厳選!2歳馬情報局(2023年版)
第22回:インクルージョン

 今年のGI日本ダービー(東京・芝2400m)を制したタスティエーラや、2015年にGI皐月賞(中山・芝2000m)とダービーの二冠を達成したドゥラメンテなど、多数の名馬を育て上げてきた美浦トレセンの堀宣行厩舎。今年も将来有望な2歳馬を数多く管理しているが、なかでも期待の高い1頭がまもなくデビューを迎える。

 インクルージョン(牡2歳/父ハーツクライ)である。


堀宣行厩舎期待のインクルージョン

 同馬の母は、現役時代にアメリカで活躍したインクルードベティ。3歳の4月にGIIIファンタジーS(アメリカ・ダート1700m)で重賞勝ちを決めると、同年6月にはGIマザーグースS(アメリカ・ダート1700m)を勝ってGIタイトルを手にした。

 さらに、続くGIのCCAオークス(アメリカ・ダート1800m)でも3着に健闘。この他にも、重賞やオープンレースで何度も上位争いを演じてきた。

 引退後は繁殖牝馬となり、しばらくして来日。ハーツクライとの配合で2021年に産んだのが、インクルージョンだ。

 現在、デビューに向けて調整を重ねているインクルージョン。厩舎スタッフの評価はどれほどのものなのか。関東の競馬専門紙のトラックマンが話を聞いてきた。

「インクルージョンについてスタッフは、『調教をする前は緩いところがあり、まだまだこれからの馬だと思っていたが、実際に走らせてみると重苦しさもなく、思った以上に動けた』と話していました。続けて、馬体は未完成ながら『この状態でここまで動けるなら、今後が楽しみ』とにんまり。成長すればさらに化けそう、といったニュアンスでした」

 実際、陣営はこの馬のさらなるレベルアップに手応えを感じているという。先述のトラックマンが続ける。

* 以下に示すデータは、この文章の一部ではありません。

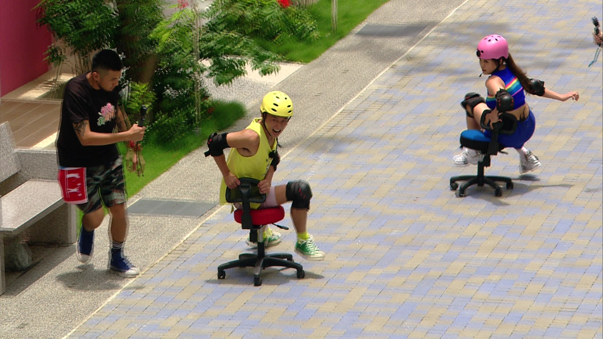 接著第二關卡「頭文字椅」,辦公椅的賽車比賽,浩子到目前為止可是稱霸第一,沒輸過的浩子,更激起小嫻想贏的衝力,小嫻更誇下海口說:「今年目標就是要超越浩子!」兩隊更是卯足全力衝刺,而為了贏得較多的骰子,浩子還大方讓小嫻隊先出發,在最後浩子跟小嫻的比拚,浩子與小嫻卯足全力,兩人的速度與距離更是不相上下,刺激萬分。

「調教を重ねるごと、その動きは確実に良化しているようで、11月9日の追い切りでもジョアン・モレイラ騎手を背にして軽く仕掛けただけで、併せた相手を突き放したとか。『これからも、この成長曲線が続くはず』とスタッフも目を細めていました。初陣では、勝ち負け必至でしょう」

 アメリカのGI馬を母に持ち、名門・堀厩舎で鍛錬を積むインクルージョン。デビュー戦でどんな走りを見せてくるのか、楽しみでならない。